Fri 09.06.
20:00
Cinema
Arsenal 1
Director
Petna Ndaliko Katondolo
Democratic Republic of the Congo, USA, Netherlands / 2019
37 min.
/ DCP
/ Without dialogue
This year’s program includes a tribute to Congolese filmmaker and activist Petna Ndaliko Katondolo. His multi-genre artistic works confront the history and legacy of colonial views of Africa. “Our history,” says the director about MATATA, “hinges on severed hands. And on photographs taken by missionaries who wanted to abolish slavery even as they believed we were inferior to them. Our history hinges on the world believing that we will forever be hopeless and helpless. That we embody suffering. What we embody, I believe, is elemental. It is water, earth, fire, air. Dance. It is pasts and futures. And it has power. So I rethink the clicks and flashes that have cast us in history. And I flirt with liberation from the colonial gaze.”

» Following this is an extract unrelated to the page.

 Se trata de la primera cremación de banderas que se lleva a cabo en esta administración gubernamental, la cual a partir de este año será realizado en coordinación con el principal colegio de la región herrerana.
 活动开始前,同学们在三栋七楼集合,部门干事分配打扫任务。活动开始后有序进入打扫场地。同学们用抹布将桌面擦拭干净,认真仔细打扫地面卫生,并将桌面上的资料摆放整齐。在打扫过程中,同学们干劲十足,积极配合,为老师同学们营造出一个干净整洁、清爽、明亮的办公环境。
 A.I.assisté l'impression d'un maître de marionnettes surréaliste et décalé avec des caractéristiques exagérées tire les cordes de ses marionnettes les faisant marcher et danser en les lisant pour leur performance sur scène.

MATATA was screened in the Berlinale Forum Expanded program in 2020. More information about the film can be found here.
Director
Petna Ndaliko Katondolo
USA / 2020
22 min.
/ DCP
/ Without dialogue
By recoding archival footage and intertwining it with contemporary images, KAPITA exposes patterns of extraction and burial to decode colonial representations and exploitation of central African land and people and mines.
KAPITA was screened in the Berlinale Forum Expanded program in 2021. More information about the film can be found here.

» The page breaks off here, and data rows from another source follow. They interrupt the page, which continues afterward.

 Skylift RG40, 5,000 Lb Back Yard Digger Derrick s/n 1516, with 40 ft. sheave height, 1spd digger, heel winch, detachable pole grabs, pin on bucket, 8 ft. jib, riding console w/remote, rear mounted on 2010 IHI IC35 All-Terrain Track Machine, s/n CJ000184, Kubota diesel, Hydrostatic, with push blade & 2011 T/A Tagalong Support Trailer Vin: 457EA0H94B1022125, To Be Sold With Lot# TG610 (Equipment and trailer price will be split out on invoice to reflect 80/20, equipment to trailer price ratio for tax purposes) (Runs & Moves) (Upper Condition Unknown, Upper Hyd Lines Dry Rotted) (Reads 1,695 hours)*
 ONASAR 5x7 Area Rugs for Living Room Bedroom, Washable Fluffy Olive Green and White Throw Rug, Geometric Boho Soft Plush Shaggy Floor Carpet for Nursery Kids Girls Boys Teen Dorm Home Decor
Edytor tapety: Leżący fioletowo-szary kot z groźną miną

Petna Ndaliko Katondolo is a filmmaker, activist, and educator. His multigenre artistic works are known for their decolonial Afrofuturistic artistic style, which engages historical content to address contemporary sociopolitical and cultural issues. In 2000 he co-founded Yole!Africa and in 2005 he founded the Salaam Kivu International Film Festival. Ndaliko Katondolo teaches and consults regularly for international organizations, addressing social and political inequity among marginalized groups through culture and education.